» **TASK INSTRUCTIONS**
Print out the data precisely as it appears here, with no pictures.

» **SOURCE DATA**
---------------
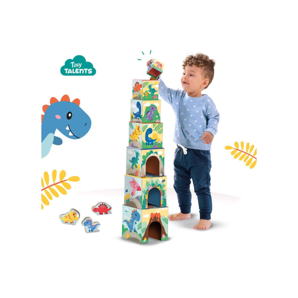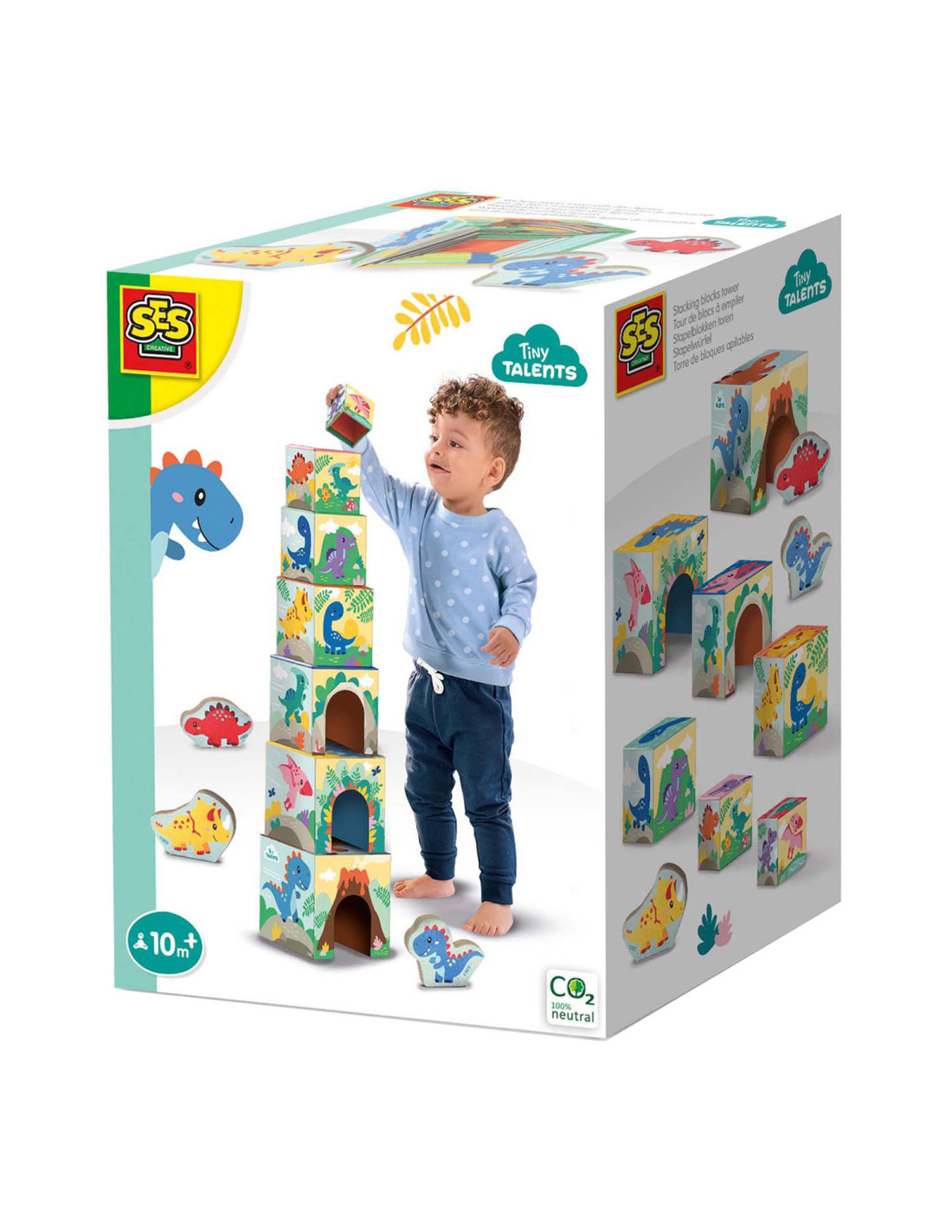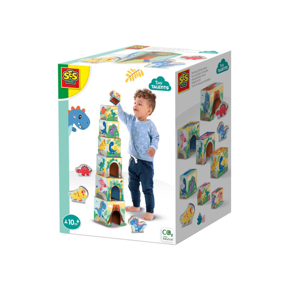 Stapel en Speel Met Dino Stapelblokken! Stapelblokken zijn een klassiek speelgoed dat nooit verveelt! Met deze dino stapelblok toren van SES Creative kan je kleintje eindeloos stapelen, bouwen en ontdekken. De blokken hebben verschillende afmetingen en op elke zijde is iets nieuws te ontdekken: kleuren, cijfers en natuurlijk stoere dinofiguren. Perfect voor het ontwikkelen van motorische vaardigheden en het stimuleren van nieuwsgierigheid! Inhoud van de verpakking: 7 open stapelblokken in oplopende afmetingen 4 dinofiguren Unieke Eigenschappen: Elke zijde van de blokken heeft een verschillend thema Inclusief stoere dinofiguren om mee te spelen Stimuleert motorische vaardigheden en cognitieve ontwikkeling Duurzaam en veilig materiaal Perfect voor kinderen vanaf 10 maanden Bouw en Ontdek Met Stapelblokken Met deze set kan je kind niet alleen torens bouwen, maar ook de kleurrijke afbeeldingen en thema's op de blokken ontdekken. De dinofiguren voegen een extra speels element toe, waardoor er eindeloos veel speel- en leermogelijkheden zijn. Ideaal voor nieuwsgierige ontdekkers die van bouwen en spelen houden. Waarom Dit Perfect Voor Jou Is Deze set is ideaal voor ouders die hun kinderen willen helpen bij het ontwikkelen van motorische vaardigheden en cognitieve groei. Het biedt een leuke en educatieve manier om te spelen en leren, terwijl het je kind stimuleert om actief te ontdekken en te bouwen. Begin Vandaag Nog Met Stapelen en Spelen Ontdek het plezier van bouwen, stapelen en spelen met deze dino stapelblok toren. Perfect voor urenlang leer- en speelplezier voor je kleintje!
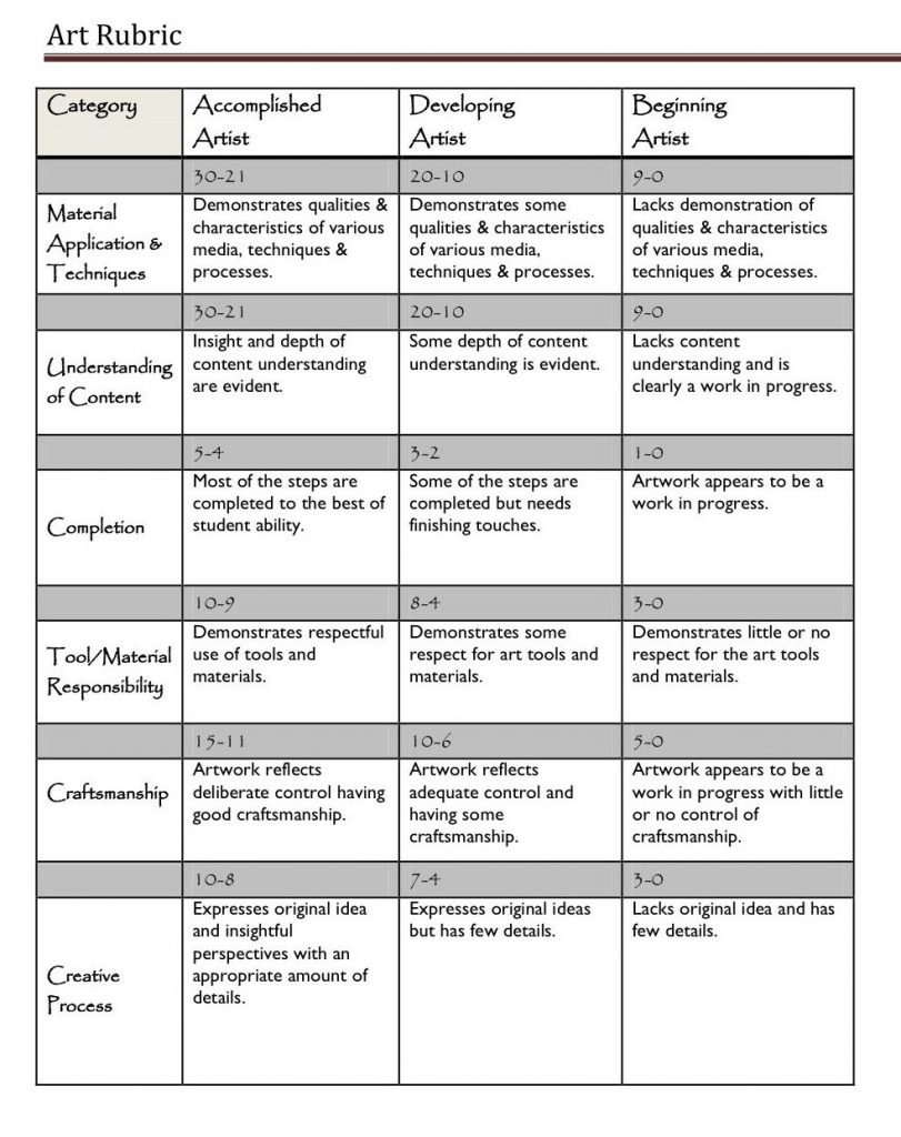 A Handy Rubric For Art Teachers | Assessment Tools & Ideas - Free Printable Art Rubrics
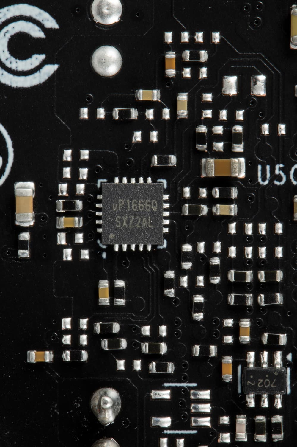 На той же стороне имеется еще один ШИМ-контроллер uP1666Q (uPI), который управляет 1-фазной схемой питания микросхем памяти.
---------------
» **ANSWER AREA**
 Stapel en Speel Met Dino Stapelblokken! Stapelblokken zijn een klassiek speelgoed dat nooit verveelt! Met deze dino stapelblok toren van SES Creative kan je kleintje eindeloos stapelen, bouwen en ontdekken. De blokken hebben verschillende afmetingen en op elke zijde is iets nieuws te ontdekken: kleuren, cijfers en natuurlijk stoere dinofiguren. Perfect voor het ontwikkelen van motorische vaardigheden en het stimuleren van nieuwsgierigheid! Inhoud van de verpakking: 7 open stapelblokken in oplopende afmetingen 4 dinofiguren Unieke Eigenschappen: Elke zijde van de blokken heeft een verschillend thema Inclusief stoere dinofiguren om mee te spelen Stimuleert motorische vaardigheden en cognitieve ontwikkeling Duurzaam en veilig materiaal Perfect voor kinderen vanaf 10 maanden Bouw en Ontdek Met Stapelblokken Met deze set kan je kind niet alleen torens bouwen, maar ook de kleurrijke afbeeldingen en thema's op de blokken ontdekken. De dinofiguren voegen een extra speels element toe, waardoor er eindeloos veel speel- en leermogelijkheden zijn. Ideaal voor nieuwsgierige ontdekkers die van bouwen en spelen houden. Waarom Dit Perfect Voor Jou Is Deze set is ideaal voor ouders die hun kinderen willen helpen bij het ontwikkelen van motorische vaardigheden en cognitieve groei. Het biedt een leuke en educatieve manier om te spelen en leren, terwijl het je kind stimuleert om actief te ontdekken en te bouwen. Begin Vandaag Nog Met Stapelen en Spelen Ontdek het plezier van bouwen, stapelen en spelen met deze dino stapelblok toren. Perfect voor urenlang leer- en speelplezier voor je kleintje!
 A Handy Rubric For Art Teachers | Assessment Tools & Ideas - Free Printable Art Rubrics
 На той же стороне имеется еще один ШИМ-контроллер uP1666Q (uPI), который управляет 1-фазной схемой питания микросхем памяти.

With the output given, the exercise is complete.